→ Given entries
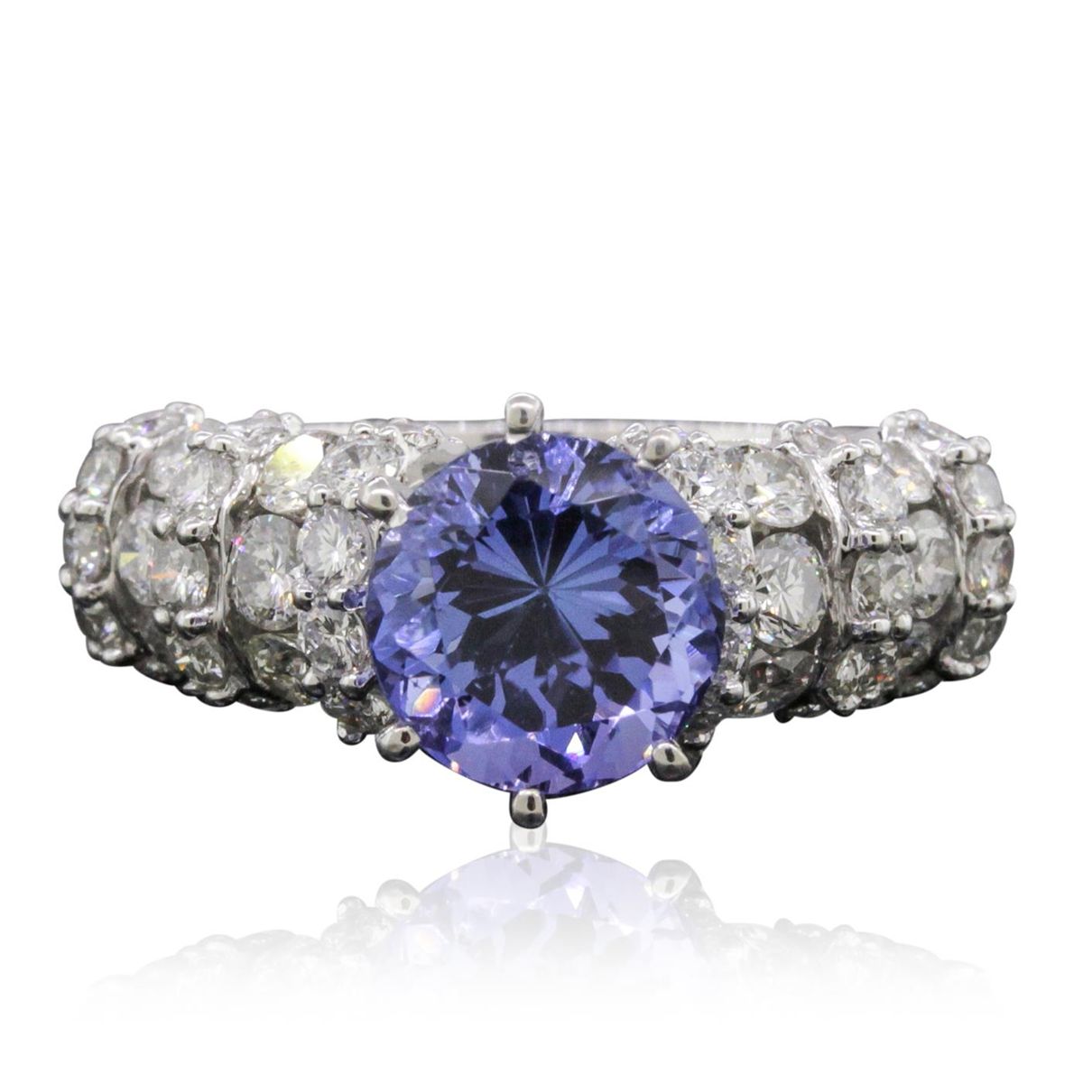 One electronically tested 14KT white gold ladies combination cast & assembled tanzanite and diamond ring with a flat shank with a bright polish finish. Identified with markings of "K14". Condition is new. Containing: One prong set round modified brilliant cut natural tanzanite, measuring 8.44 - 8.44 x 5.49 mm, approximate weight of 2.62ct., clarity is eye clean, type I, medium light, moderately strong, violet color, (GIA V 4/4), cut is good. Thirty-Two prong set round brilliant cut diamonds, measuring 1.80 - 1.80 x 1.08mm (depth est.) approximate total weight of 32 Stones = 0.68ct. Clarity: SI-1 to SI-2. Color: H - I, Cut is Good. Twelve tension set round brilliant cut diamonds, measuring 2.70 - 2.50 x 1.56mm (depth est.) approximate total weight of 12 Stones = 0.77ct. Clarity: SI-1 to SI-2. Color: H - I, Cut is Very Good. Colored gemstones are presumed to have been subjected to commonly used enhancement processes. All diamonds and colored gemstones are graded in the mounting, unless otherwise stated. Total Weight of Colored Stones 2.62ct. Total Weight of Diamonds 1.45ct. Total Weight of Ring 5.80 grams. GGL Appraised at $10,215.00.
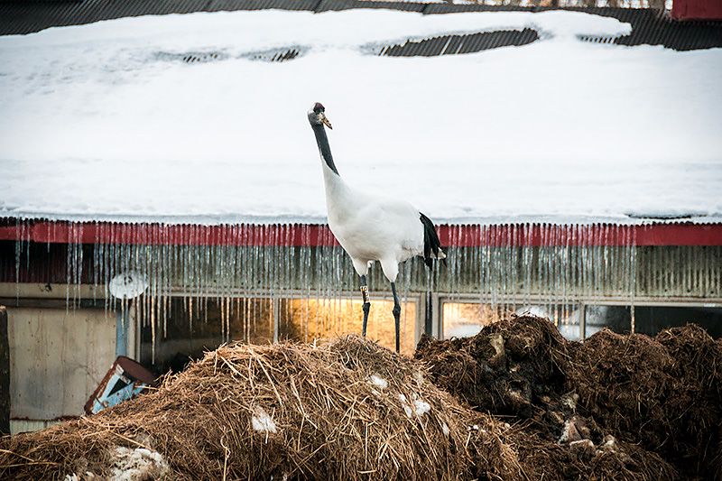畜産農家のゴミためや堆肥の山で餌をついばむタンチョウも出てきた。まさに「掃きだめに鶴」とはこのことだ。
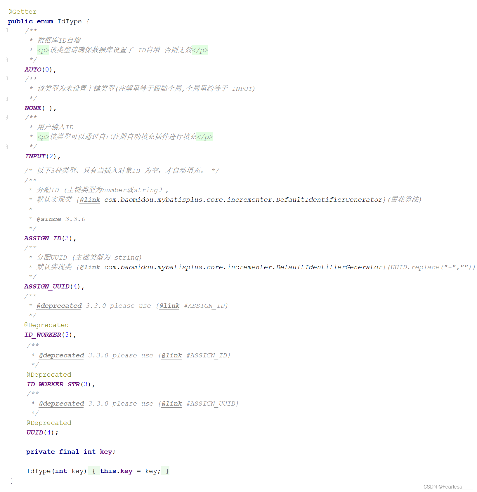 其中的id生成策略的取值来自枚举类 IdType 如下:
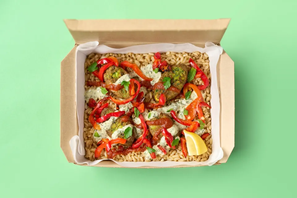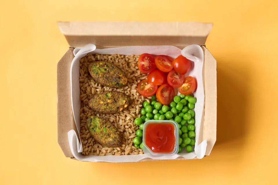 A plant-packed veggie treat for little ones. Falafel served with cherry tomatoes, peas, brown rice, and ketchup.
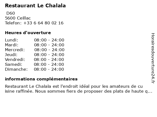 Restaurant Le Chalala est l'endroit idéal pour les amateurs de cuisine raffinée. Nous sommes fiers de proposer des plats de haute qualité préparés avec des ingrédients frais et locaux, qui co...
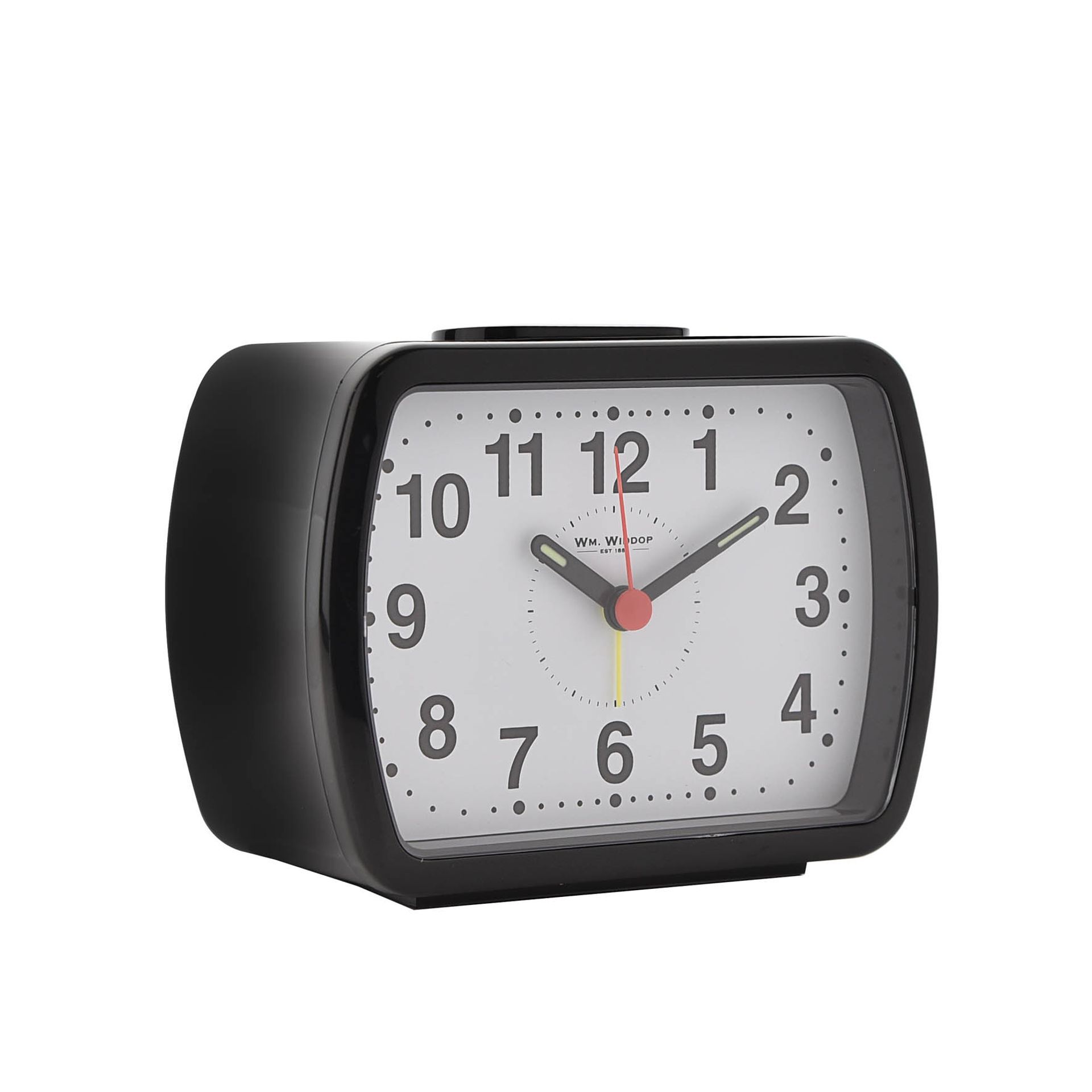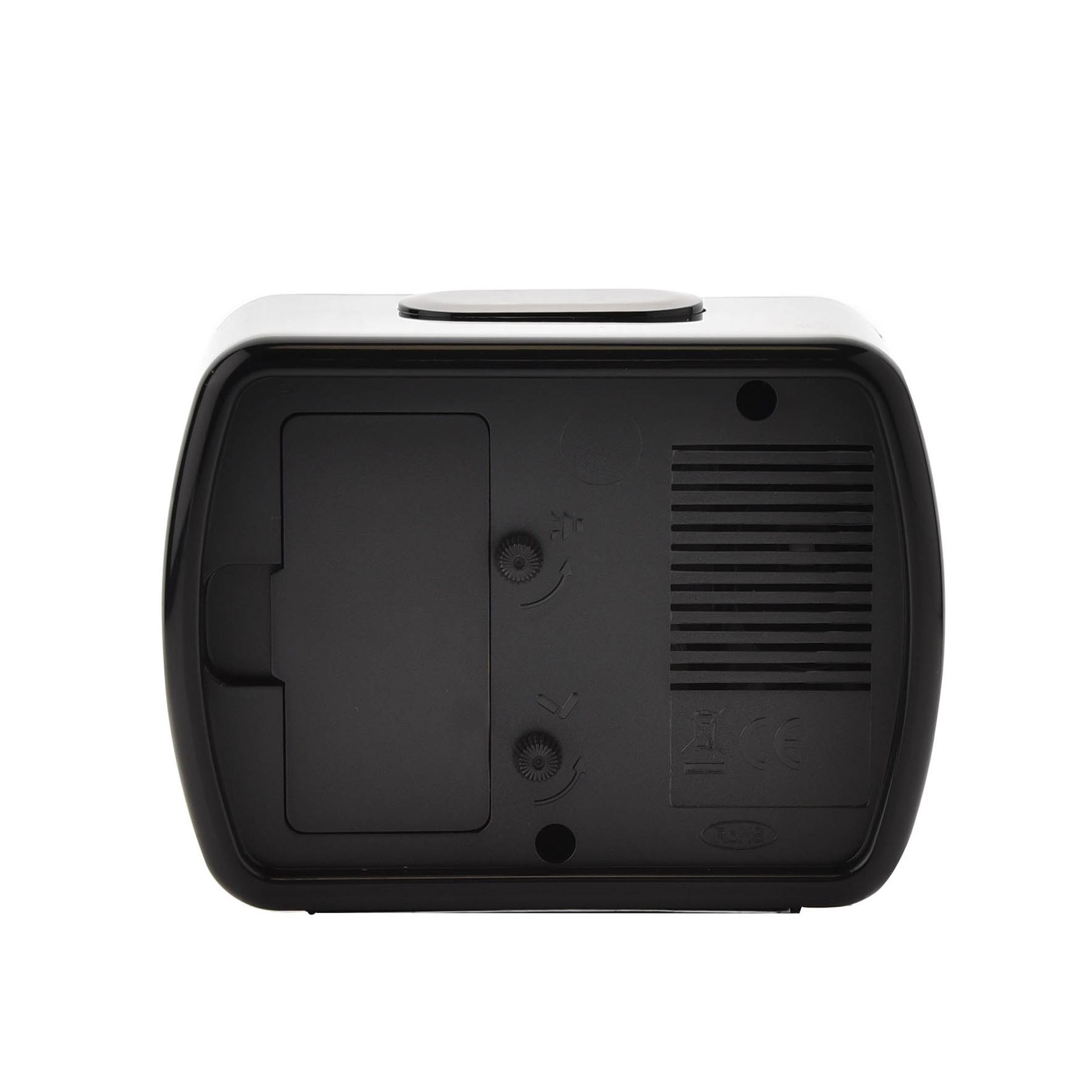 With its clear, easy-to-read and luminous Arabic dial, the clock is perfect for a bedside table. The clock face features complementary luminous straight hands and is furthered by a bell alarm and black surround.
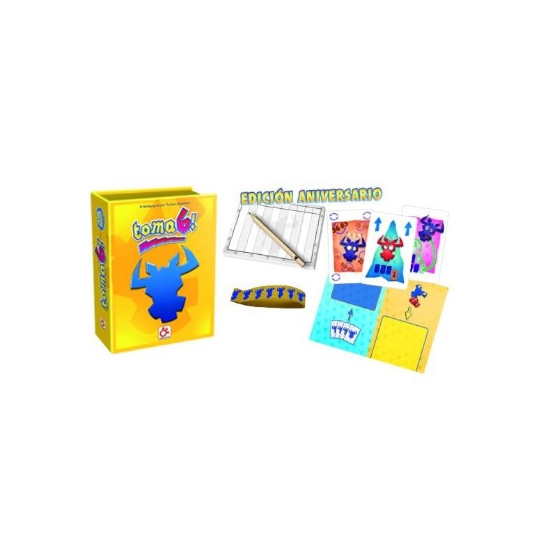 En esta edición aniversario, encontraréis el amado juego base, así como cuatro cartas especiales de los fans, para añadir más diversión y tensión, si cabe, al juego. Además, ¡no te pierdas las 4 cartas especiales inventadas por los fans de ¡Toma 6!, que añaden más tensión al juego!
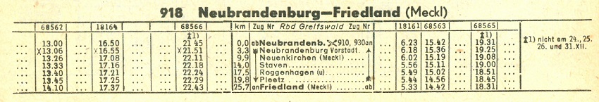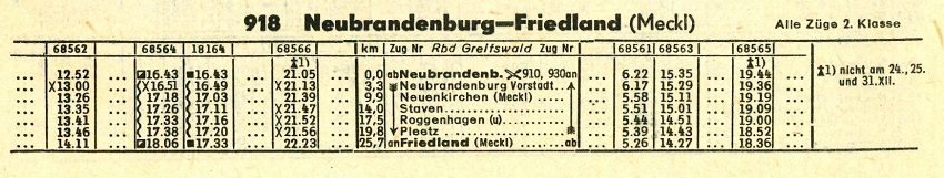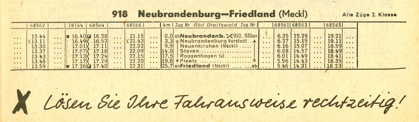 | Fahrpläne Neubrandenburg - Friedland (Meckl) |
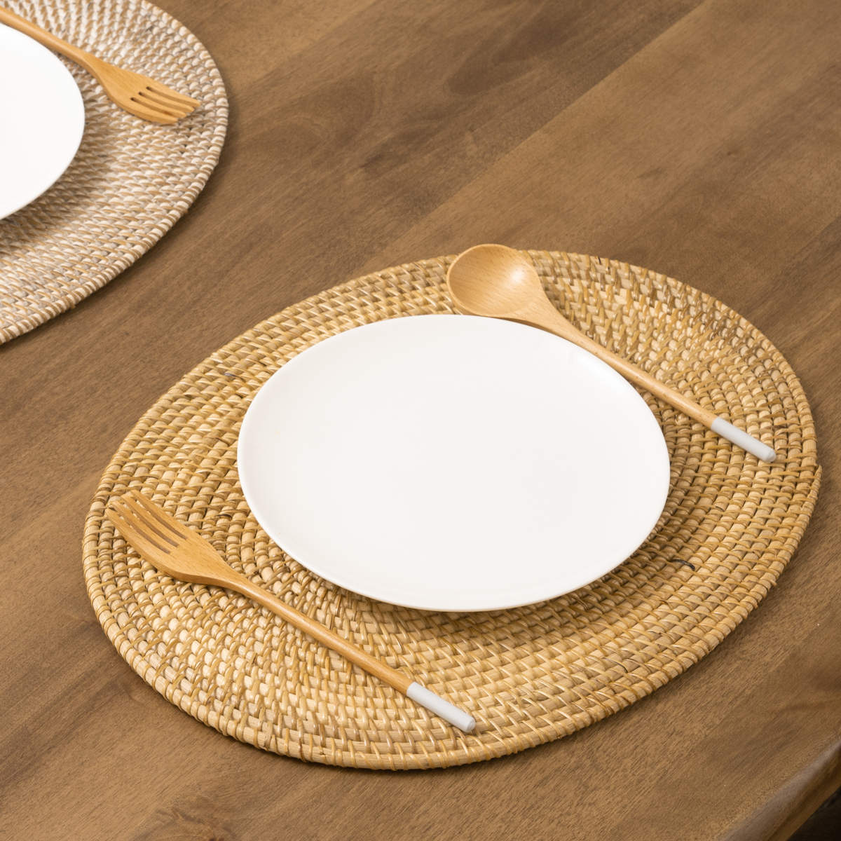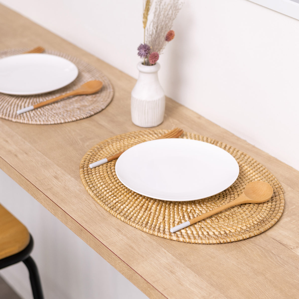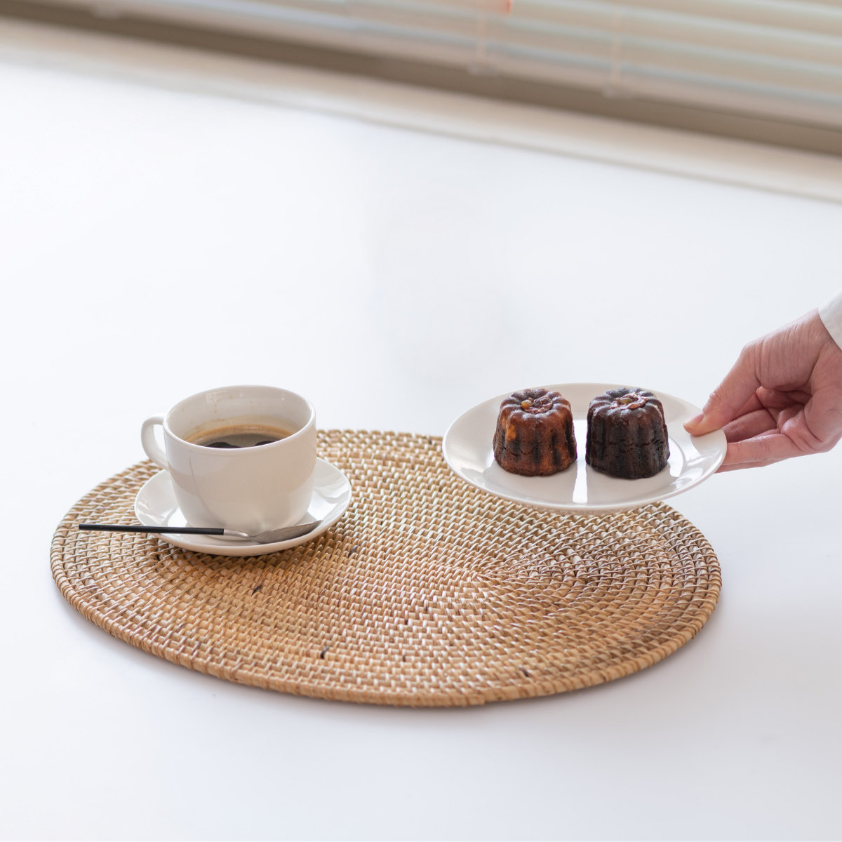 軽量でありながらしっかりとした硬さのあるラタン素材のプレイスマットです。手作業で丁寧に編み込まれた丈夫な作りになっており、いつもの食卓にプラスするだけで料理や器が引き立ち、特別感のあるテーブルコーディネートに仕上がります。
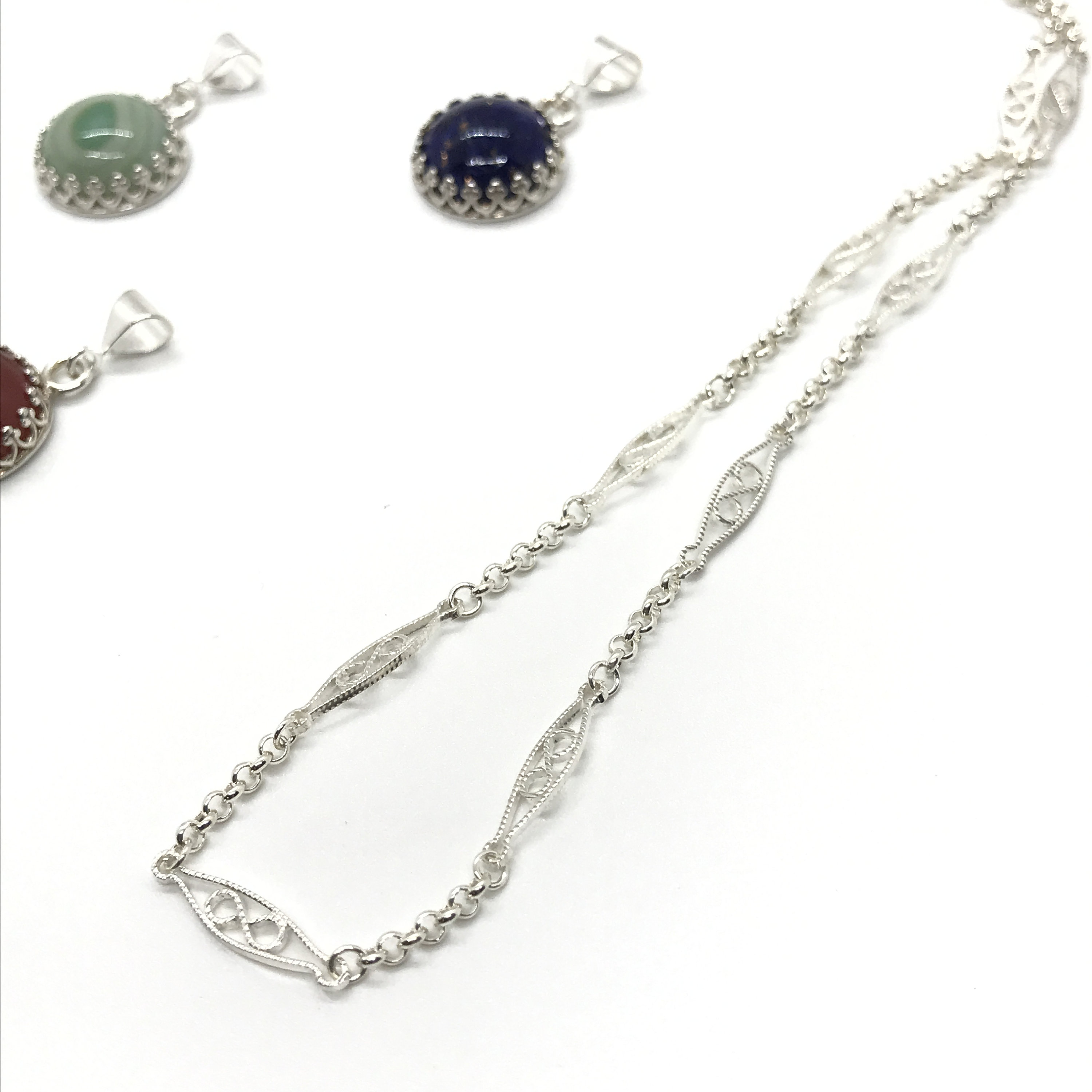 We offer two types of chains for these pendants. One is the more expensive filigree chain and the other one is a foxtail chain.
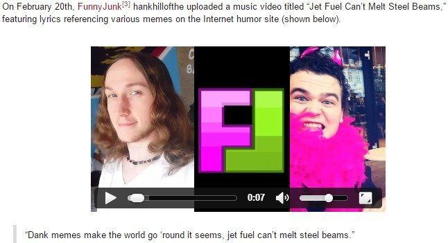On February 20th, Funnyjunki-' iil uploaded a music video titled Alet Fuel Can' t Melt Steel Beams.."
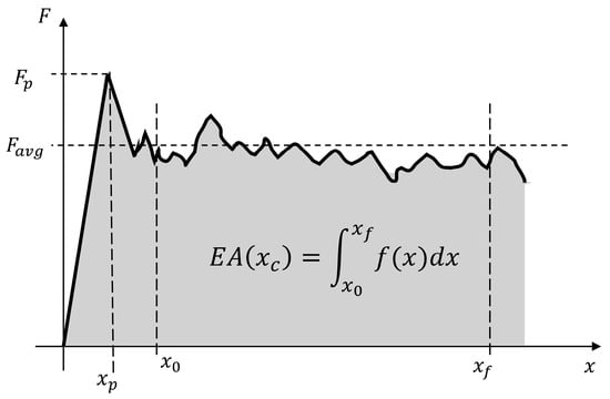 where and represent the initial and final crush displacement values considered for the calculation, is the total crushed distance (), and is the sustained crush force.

→ Task brief
Among the entries above, take the lines from the one with "Restaurant Le Chalala" through the one with "On February 20th, Funnyjunki-'" and retype them exactly, leaving out the pictures.

→ Result of the task
 Restaurant Le Chalala est l'endroit idéal pour les amateurs de cuisine raffinée. Nous sommes fiers de proposer des plats de haute qualité préparés avec des ingrédients frais et locaux, qui co...
 With its clear, easy-to-read and luminous Arabic dial, the clock is perfect for a bedside table. The clock face features complementary luminous straight hands and is furthered by a bell alarm and black surround.
 En esta edición aniversario, encontraréis el amado juego base, así como cuatro cartas especiales de los fans, para añadir más diversión y tensión, si cabe, al juego. Además, ¡no te pierdas las 4 cartas especiales inventadas por los fans de ¡Toma 6!, que añaden más tensión al juego!
 | Fahrpläne Neubrandenburg - Friedland (Meckl) |
 軽量でありながらしっかりとした硬さのあるラタン素材のプレイスマットです。手作業で丁寧に編み込まれた丈夫な作りになっており、いつもの食卓にプラスするだけで料理や器が引き立ち、特別感のあるテーブルコーディネートに仕上がります。
 We offer two types of chains for these pendants. One is the more expensive filigree chain and the other one is a foxtail chain.
On February 20th, Funnyjunki-' iil uploaded a music video titled Alet Fuel Can' t Melt Steel Beams.."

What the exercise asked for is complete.